## Problem
Each line below from the line with "Ensemble comprenant : - une" to the line with "- Prendre rendez-vous" must be copied exactly, including those two, and no picture may appear in the copy.

## Data supplied
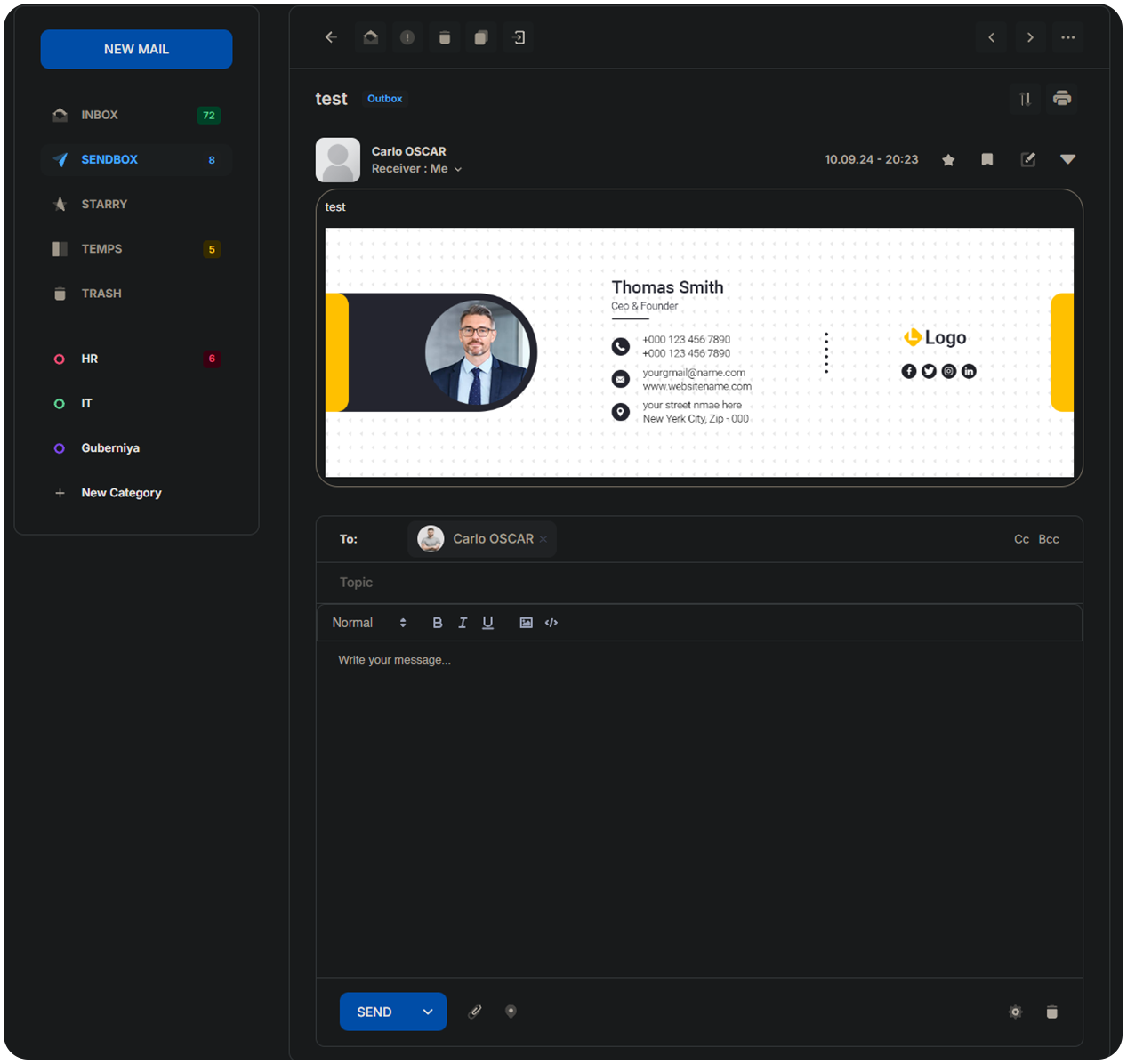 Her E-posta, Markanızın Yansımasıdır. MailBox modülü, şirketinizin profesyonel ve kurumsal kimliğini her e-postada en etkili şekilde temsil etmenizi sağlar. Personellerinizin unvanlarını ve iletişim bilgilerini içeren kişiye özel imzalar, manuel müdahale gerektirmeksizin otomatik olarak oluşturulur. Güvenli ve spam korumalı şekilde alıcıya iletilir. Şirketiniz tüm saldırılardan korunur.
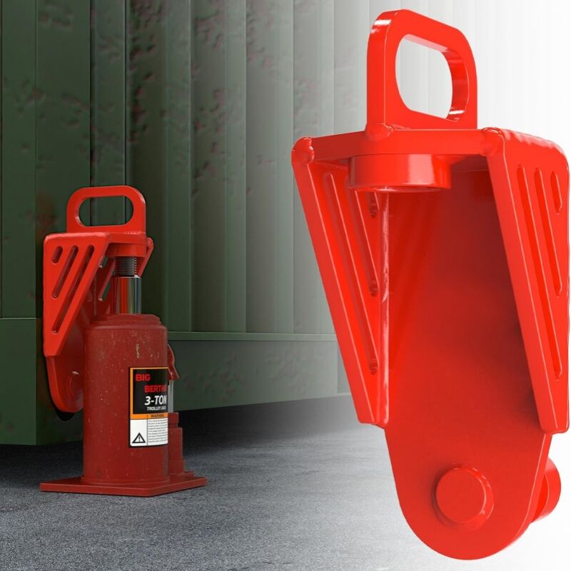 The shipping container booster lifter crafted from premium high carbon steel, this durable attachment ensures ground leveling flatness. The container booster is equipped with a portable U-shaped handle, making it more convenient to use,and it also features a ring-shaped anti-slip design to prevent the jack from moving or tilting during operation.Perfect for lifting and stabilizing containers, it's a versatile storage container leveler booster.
---
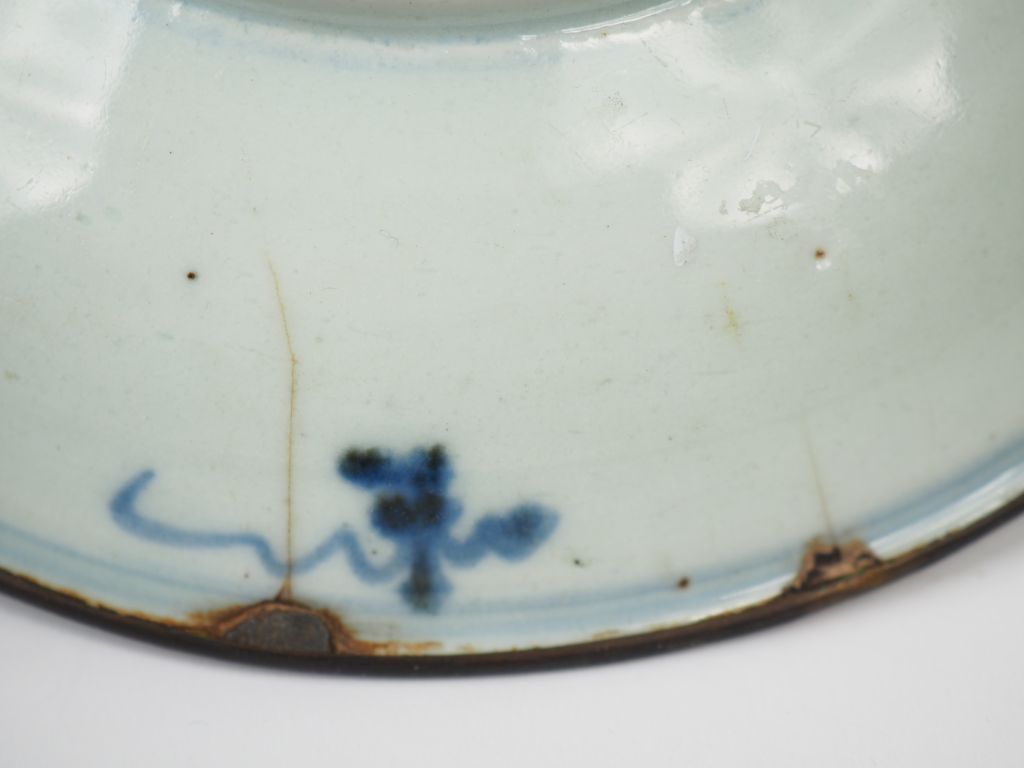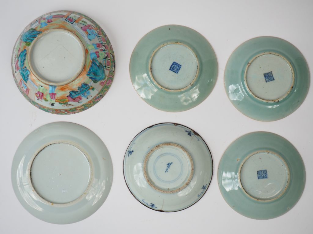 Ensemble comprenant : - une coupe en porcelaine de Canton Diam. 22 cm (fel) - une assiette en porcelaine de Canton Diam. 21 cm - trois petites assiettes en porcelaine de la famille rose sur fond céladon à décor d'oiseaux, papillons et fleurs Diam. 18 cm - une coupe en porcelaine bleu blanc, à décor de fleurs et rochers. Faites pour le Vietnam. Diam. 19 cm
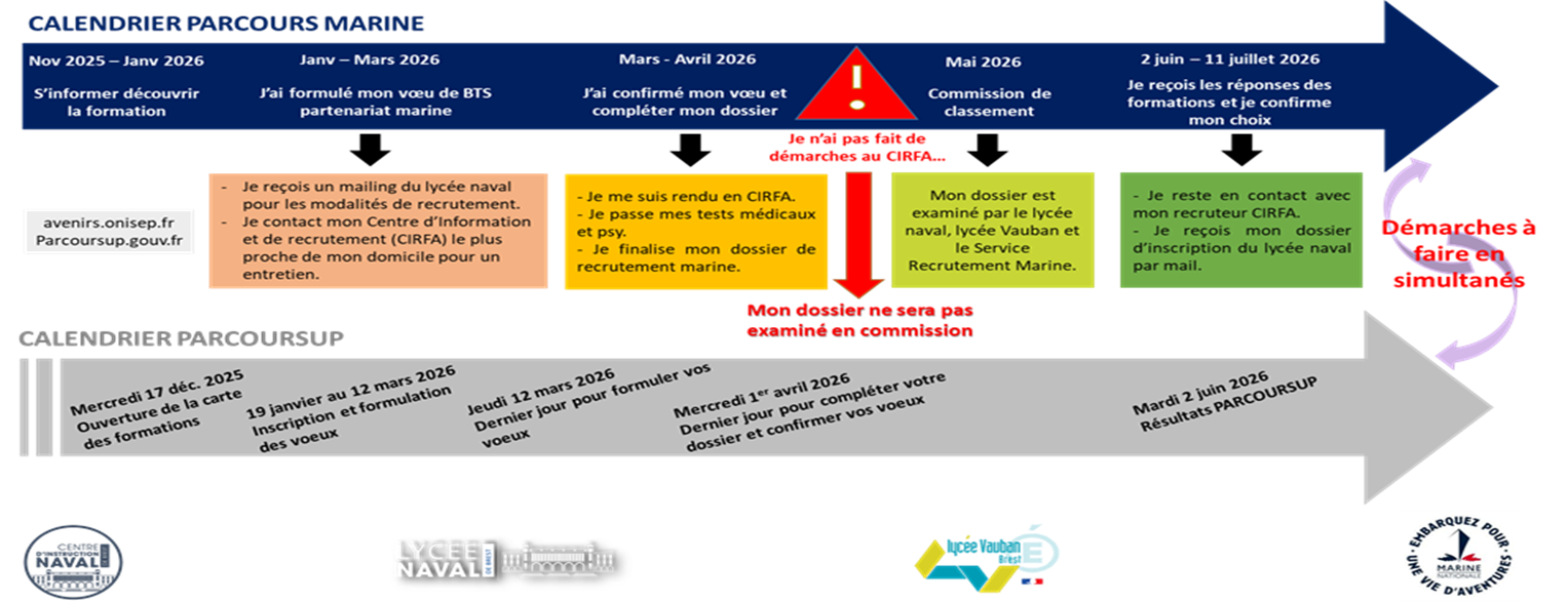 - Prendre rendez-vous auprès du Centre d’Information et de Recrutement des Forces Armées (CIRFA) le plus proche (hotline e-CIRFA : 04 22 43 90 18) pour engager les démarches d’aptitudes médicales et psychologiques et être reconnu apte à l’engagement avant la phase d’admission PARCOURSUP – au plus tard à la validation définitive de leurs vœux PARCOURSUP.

## Exercise answer
 Ensemble comprenant : - une coupe en porcelaine de Canton Diam. 22 cm (fel) - une assiette en porcelaine de Canton Diam. 21 cm - trois petites assiettes en porcelaine de la famille rose sur fond céladon à décor d'oiseaux, papillons et fleurs Diam. 18 cm - une coupe en porcelaine bleu blanc, à décor de fleurs et rochers. Faites pour le Vietnam. Diam. 19 cm
 - Prendre rendez-vous auprès du Centre d’Information et de Recrutement des Forces Armées (CIRFA) le plus proche (hotline e-CIRFA : 04 22 43 90 18) pour engager les démarches d’aptitudes médicales et psychologiques et être reconnu apte à l’engagement avant la phase d’admission PARCOURSUP – au plus tard à la validation définitive de leurs vœux PARCOURSUP.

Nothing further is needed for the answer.